To validate our approach in robot technology, we conducted simulations using MATLAB/Simscape. The robot model is a 7-DOF manipulator, and the control parameters are summarized in the following tables:
| Parameter | Value |
|---|---|
| Cartesian Stiffness \( K_d \) | [900, 900, 900, 150, 150, 150] |
| Cartesian Damping \( D_d \) | [3, 3, 3, 3, 3, 3] |
| Parameter | Value |
|---|---|
| Cartesian Stiffness \( K_d \) | [900, 900, 900, 150, 150, 150] |
| Cartesian Damping \( D_d \) | [3, 3, 3, 3, 3, 3] |
| Maximum Allowable Power \( P_{\text{motion,max}} \) | 0.5 W |
| Maximum Allowable Energy \( E_{\text{tot,max}} \) | 0.3 J |
| Parameter | Value |
|---|---|
| Maximum Allowable Extraction Power \( P_{\text{tank,low}} \) | -0.25 W |
| Maximum Tank Energy \( E_{\text{tank,max}} \) | 5 J |
| Minimum Tank Energy \( E_{\text{tank,min}} \) | 0.2 J |
| Transition Threshold \( \delta E \) | 0.05 J |
| Initial Tank Energy \( E_{\text{tank,init}} \) | 3 J |
| Environment Stiffness \( K_b \) | 1000 N/m |
| External Disturbance Force \( F_{\text{ext}} \) | 50 sin(π(t-10)/2) N |
The simulation involves the robot moving from an initial position to a target while interacting with a planar surface. Contact loss occurs when the end-effector detaches from the surface, and an external force is applied to simulate human-robot interaction. Comparisons between standard impedance control and our method show that the proposed controller effectively limits energy and power. For instance, the total energy remains below \( E_{\text{max}} \) due to \( \lambda(t) \), and the power is constrained by \( \beta(t) \). The energy tank ensures passivity, and the power scaling factor \( \eta \) prevents rapid energy release, resulting in smoother motion transitions. The real-time performance on a Linux system demonstrates that the computational overhead is minimal, with an average execution time of 259 μs, meeting the 1 kHz requirement for robot technology applications.
In conclusion, our energy- and power-restricted impedance control method enhances safety in robot technology by addressing contact loss scenarios. By dynamically scaling stiffness and damping, and integrating an energy tank with power regulation, we ensure that the robot’s energy and power remain within safe bounds while maintaining system passivity.
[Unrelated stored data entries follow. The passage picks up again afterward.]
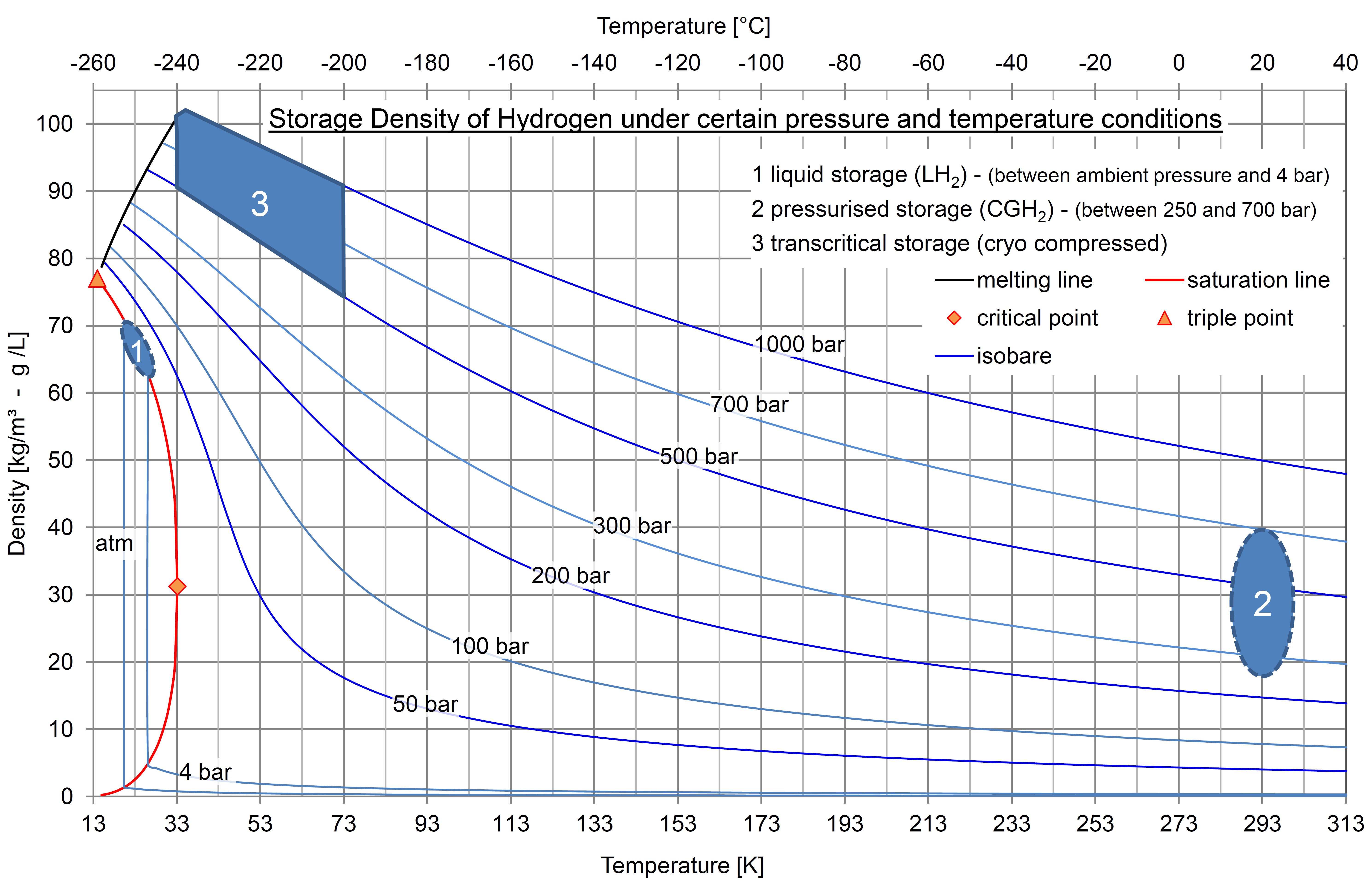 수소의 밀도는 압력, 온도 모두와 상관관계가 있으며, 이를 제어하여 저장한다.
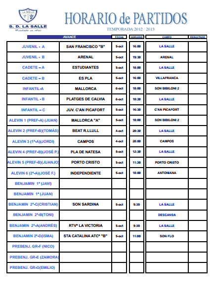 Estos son los horarios de los diferentes equipos del cub para este fin de semana.
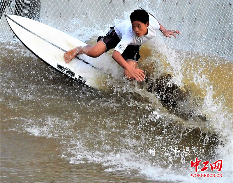 2019年8月23日,中国极限运动大会冲浪比赛在河南濮阳清丰极限运动基地进行。冲浪是以海浪为动力的极限运动,冲浪是相当惊险刺激的运动,运动员都要有很高的技巧和平衡能力,脚踏冲浪板,出没在惊涛骇浪之中。本次中国极限运动大会冲浪比赛是在水池中人工机械造浪中运动员进行冲浪比赛。工人日报-中工网许之丰摄影报道
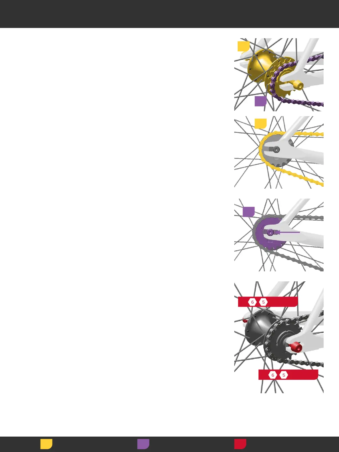 Rear Track Wheel Installation Montering af baghjul til banecykel Montarea roţii din spate
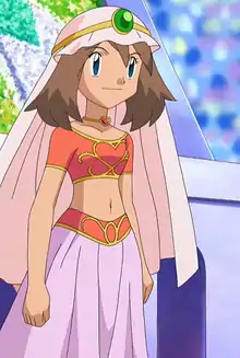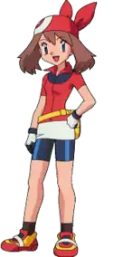 May (Japanese: ハルカ Haruka) is a ten-year-old Pokémon Coordinator from Petalburg City and a former traveling companion of Ash. She is the daughter of Norman and Caroline, and her starter Pokémon was a Torchic given to her by Professor Birch.

This approach is particularly beneficial in physical human-robot collaboration, where unpredictable interactions occur. Future work will involve implementing this controller on hardware platforms and extending it to joint-level force control for broader applications in robot technology. The integration of such advanced control strategies underscores the evolving capabilities of robot technology in achieving robust and safe autonomous operations.